JERUSALEM (AP) — A leading international watchdog on Wednesday accused the militant Hamas group of abducting, torturing and killing Palestinians during the war in the Gaza Strip last year, saying some of the actions amount to war crimes.
Amnesty International detailed the abuses in a report entitled “Strangling Necks’: Abduction, torture and summary killings of Palestinians by Hamas forces during the 2014 Gaza/Israel conflict.”
According to the London-based human rights group, some 23 Palestinians were shot and killed and dozens more were arrested and tortured by Hamas, which rules Gaza. The Palestinians targeted were either political rivals of Hamas, including members of the Fatah party of Palestinian President Mahmoud Abbas, or people the militant group had accused of cooperating with Israel, Amnesty said.
Wednesday’s report highlighted a particularly brutal incident, which it said took place in Gaza on Aug. 22.
“In one of the most shocking incidents, six men were publicly executed by Hamas forces outside al-Omari mosque … in front of hundreds of spectators, including children,” Amnesty said. Hamas had announced the men were suspected “collaborators” who had been sentenced death in “revolutionary courts,” the rights group added.
“The hooded men were dragged along the floor to kneel by a wall facing the crowd, then each man was shot in the head individually before being sprayed with bullets fired from an AK-47,” the report said of the August incident.

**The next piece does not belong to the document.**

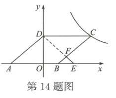14. 如图,在平面直角坐标系中,$O$为坐标原点,$□ ABCD$的边$AB$在$x$轴上,顶点$D$在$y$轴的正半轴上,点$C$在第一象限,将$\triangle AOD$沿$y$轴翻折,使点$A$落在$x$轴上的点$E$处,点$B$恰好为$OE$的中点,$DE$与$BC$交于点$F$.若$y=\frac{k}{x}(k\neq0,x>0)$的图象经过点$C$,且$S_{\triangle BEF}=1$,则$k$的值为__________.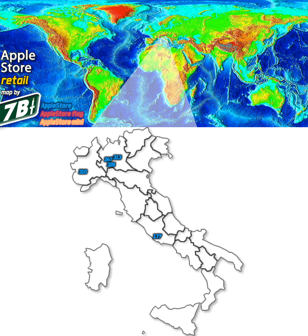Questo negozio arriverà a seguito della precedente inaugurazione a Reading, in Gran Bretagna e dopo quelli nostrani di Roma, Carugate (MI), Grugliasco (TO) ed Orio al Serio (BG). Per il futuro Apple starebbe pensando a nuovi negozi a: Bologna, Firenze, Napoli e Catania (anche se in città dovrebbe essere localizzato solo quello bolognese, mentre gli altri in provincia o addirittura in quelle vicine). Non si esclude anche una futura prestigiosa location nel centro di Milano.

Hamas violently seized Gaza from forces loyal to Abbas in 2007, leaving Palestinians bitterly divided — Hamas ruling Gaza and Abbas governing parts of the West Bank. Since then, Hamas has launched thousands of rockets at Israel and fought three wars with the Jewish state. Over 2,200 Palestinians were killed during the 50-day war last summer. On the Israeli side, 67 soldiers and six civilians were killed.
Hamas used the war to “ruthlessly settle scores, carrying out a series of unlawful killings and other grave abuses,” Amnesty’s Philip Luther said. “These spine-chilling actions, some of which amount to war crimes, were designed to exact revenge and spread fear across the Gaza Strip.”
The report said 16 of the people killed by Hamas were already being held by the militant group when the conflict erupted and many of them were waiting to hear the verdict of their Hamas-organized trials. “Many had been sentenced after trials before courts whose proceedings are grossly unfair. A number had said they had been tortured in order to extract ‘confessions,'” the report said.
Amnesty’s report also said that Hamas abducted and tortured people in an outpatient clinic that was no longer in use, within the grounds of Gaza City’s main hospital, Shifa.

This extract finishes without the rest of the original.